L’erlotinib agit comme inhibiteur de tyrosine kinase (activité du récepteur transmembranaire EGFR). Le cétuximab est un anticorps monoclonal chimérique inhibant l’interaction du récepteur EGFR avec son ligand naturel.

La troisième et dernière protéine impliquée est KRAS (pour sarcome de rat Kristen). Sa mutation en position 12 d’une glycine est responsable d’une croissance anarchique et incontrôlée des cellules tumorales dans le cancer du poumon. À ce jour, 13% des patients atteints d’un cancer du poumon sont concernés par la mutation KRAS G12c.

30 ans de recherche n’ont pas suffi à la découverte d’un inhibiteur sélectif de cette mutation. Mais cela fut sans compter sur l’avancée remarquable et très récente des équipes du laboratoire Amgen. C’est ainsi que le Sotorasib a été innové. Il s’agit d’une petite molécule inhibant sélectivement le KRAS G12c par inhibition des cascades de phosphorylations à l’origine du développement des cellules cancéreuses. L’inhibition étant sélective elle promet ainsi d’être durable dans le temps.

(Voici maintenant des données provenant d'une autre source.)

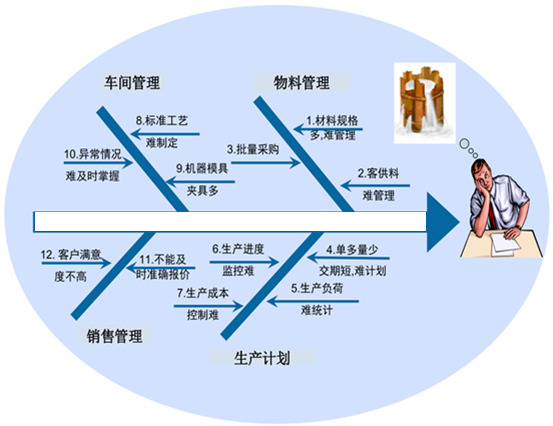 12)接單生產(chǎn)方式難以掌控:常常需要于接單時(shí)確定客戶特殊要求,并根據(jù)訂單單獨(dú)設(shè)計(jì),準(zhǔn)備材料、生產(chǎn)、核算成本。手工作業(yè)時(shí)面對(duì)龐大的材料清單,復(fù)雜的生產(chǎn)狀況等,常常造成交貨延遲,庫(kù)存積壓,加工失誤等等問題;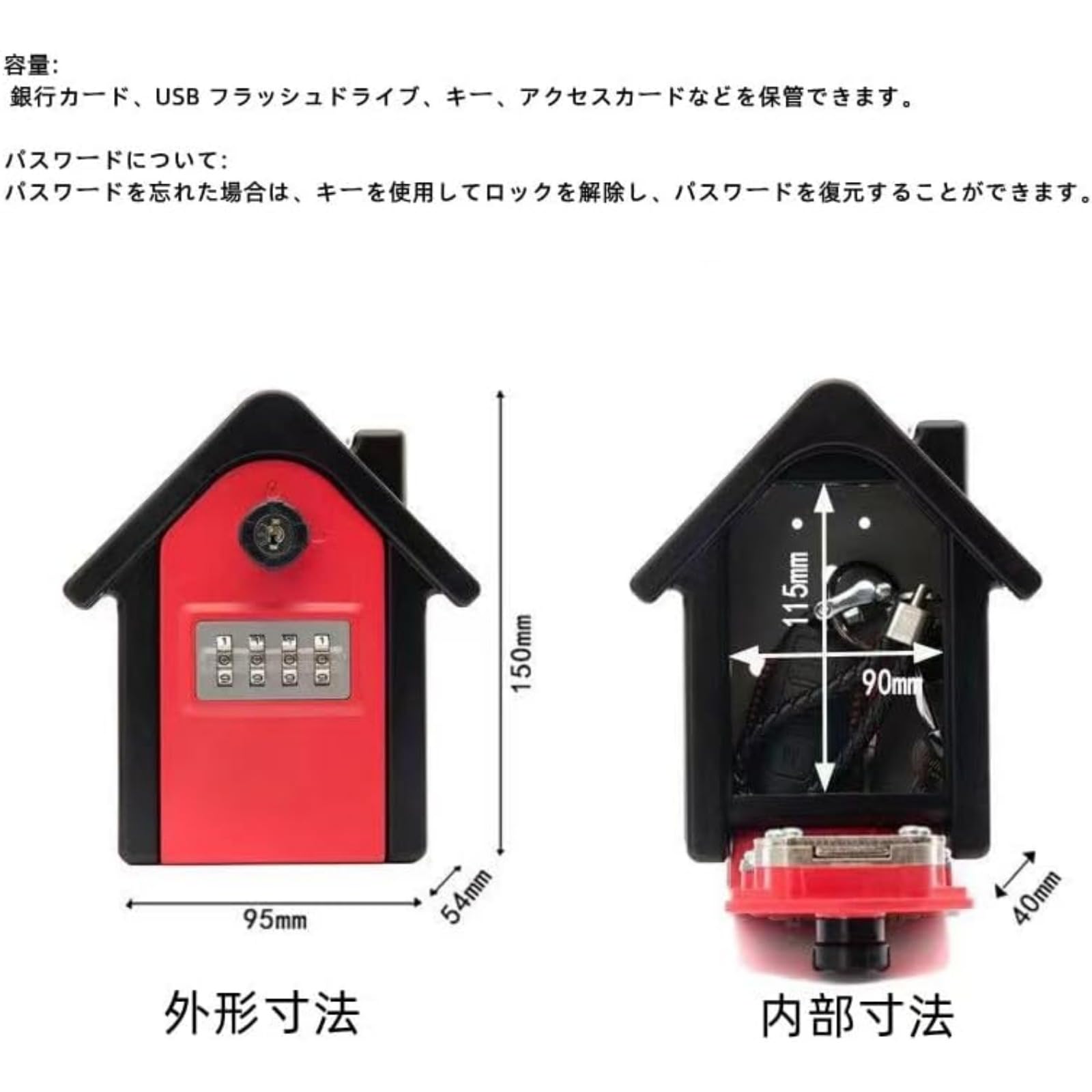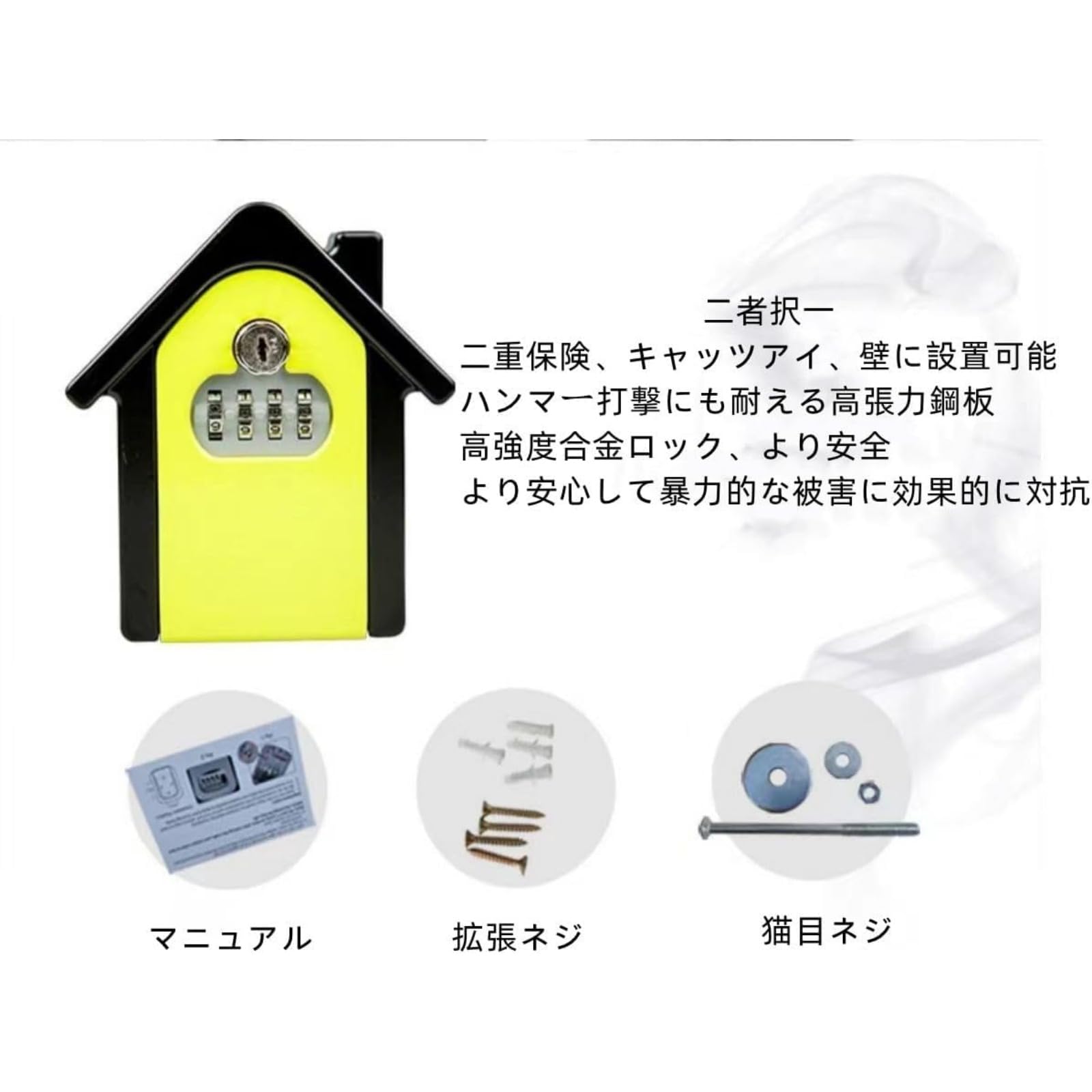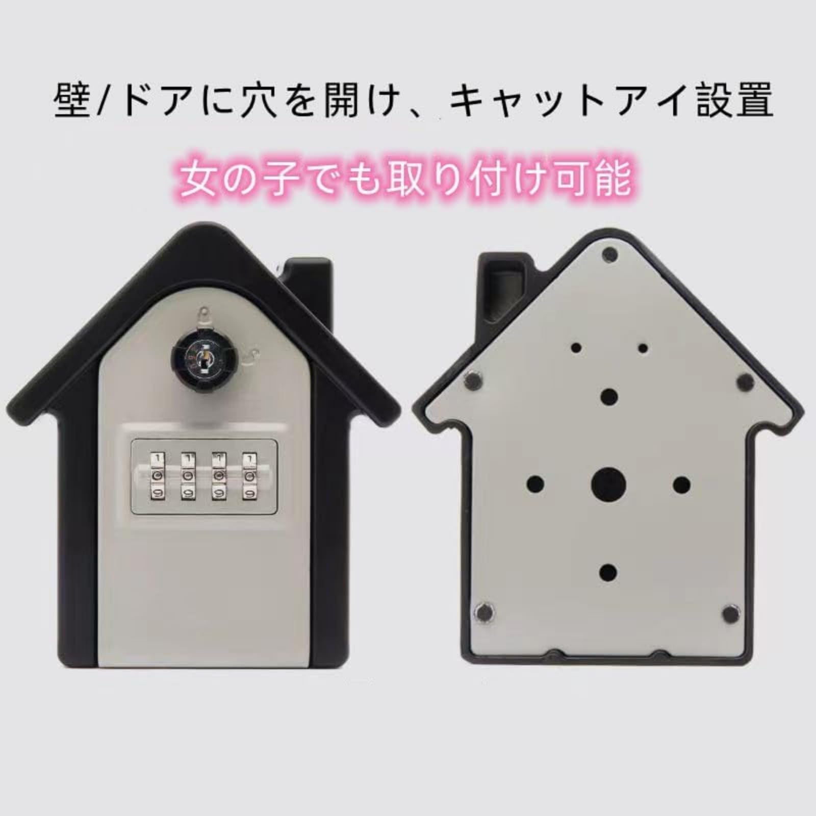 キーボックス 壁掛け 4桁暗証番号 ダイヤルアップ 非常解錠キー付き 鍵共有 安心 小さな家の形 配送

Un essai clinique récent de phase 1 sur 129 patients a permis l’évaluation de la sécurité d’emploi et de l’activité pharmacocinétique du Sotorasib en étude cohorte avec des patients recevant la monothérapie quotidiennement. Parmi ces 129 patients, 59 inclus dans l’étude présentaient un CBNPC.

Les résultats ont montré que l’inhibiteur KRAS G12c a produit un bénéfice clinique durable avec une toxicité de bas grade, essentiellement gastro-intestinale et hépatique chez les populations lourdement et préalablement traitées pour un cancer.

Parmi les patients atteints d’un CBNPC, 32,2%, soit 19 patients, ont présenté une réponse positive au Sotorasib et la majorité (88,1%) a pu observer un contrôle de son cancer sur quelques mois ou plus. Ainsi, la médiane de survie en non progression s’est élevée à 6,3 mois.

Des réponses rapides au Sotorasib ont été observées lors de la première évaluation au cours de la 6èmesemaine. Ces réponses étaient durables et continues avec un suivi médian de près d’un an.

L’essai a conclu à ce jour qu’aucun effet toxique dose-limitant n’a été observé avec le Sotorasib, même avec un traitement prolongé. La majorité des patients ont cependant eu des effets toxiques, bien que ces derniers soient principalement de bas grade. Les événements les plus indésirables ont été des diarrhées, nausées, vomissements, fatigue et élévation des taux d’ASAT/ALAT ; cela dit, peu de patients ont arrêté le traitement en raison de ces effets toxiques.

Le Sotorasib présente une activité anticancéreuse prometteuse chez les patients atteints de tumeurs solides mutantes à KRAS G12c fortement traitées au préalable. Des essais évaluant le Sotorasib en monothérapie ou en association avec divers agents chez des patients atteints de CBNPC ou d’autres tumeurs sont actuellement à l’étude.

Ainsi, à l’avenir, le Sotorasib pourrait bien se profiler comme un espoir de traitement chez un grand nombre de patients atteints à ce jour du cancer le plus dévastateur dans le monde.